We decline to issue a certificate of appealability on the claims involving newly discovered evidence and ineffective assistance of appellate counsel. Thus, we dismiss those parts of the appeal. We affirm on the claims involving competency and ineffective assistance of trial counsel.

FOOTNOTES

FOOTNOTE.   We do not believe that oral argument would be helpful. Accordingly, we decide the appeal based on the briefs. See Fed. R. App. P. 34(a)(2); 10th Cir.

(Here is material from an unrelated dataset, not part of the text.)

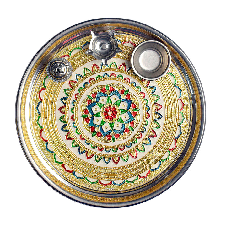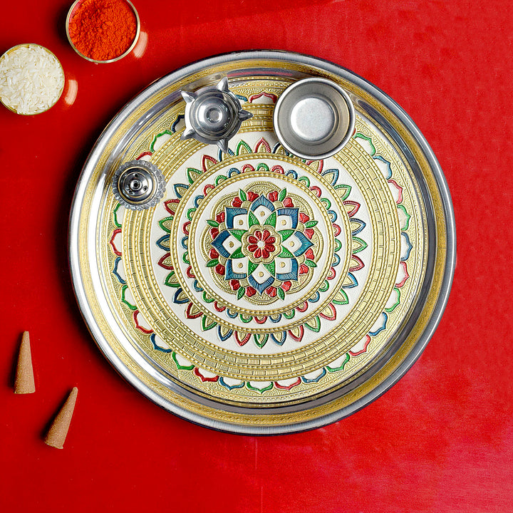 Buy Our Elegant Steel Printed Pooja Aarti Thali Set | Satvikstore.in – satvikstore.in

R. 34.1(G).This order and judgment does not constitute binding precedent except under the doctrines of law of the case, res judicata, and collateral estoppel. But the order and judgment may be cited for its persuasive value under Fed. R. App. P. 32.1(a) and 10th Cir. R. 32.1(A).

1.   The certificate of appealability included a claim that trial counsel had been ineffective in advising Mr. Wilson to waive a preliminary hearing. We withdraw the certificate of appealability on this claim because it was omitted in Mr. Wilson's application for a certificate.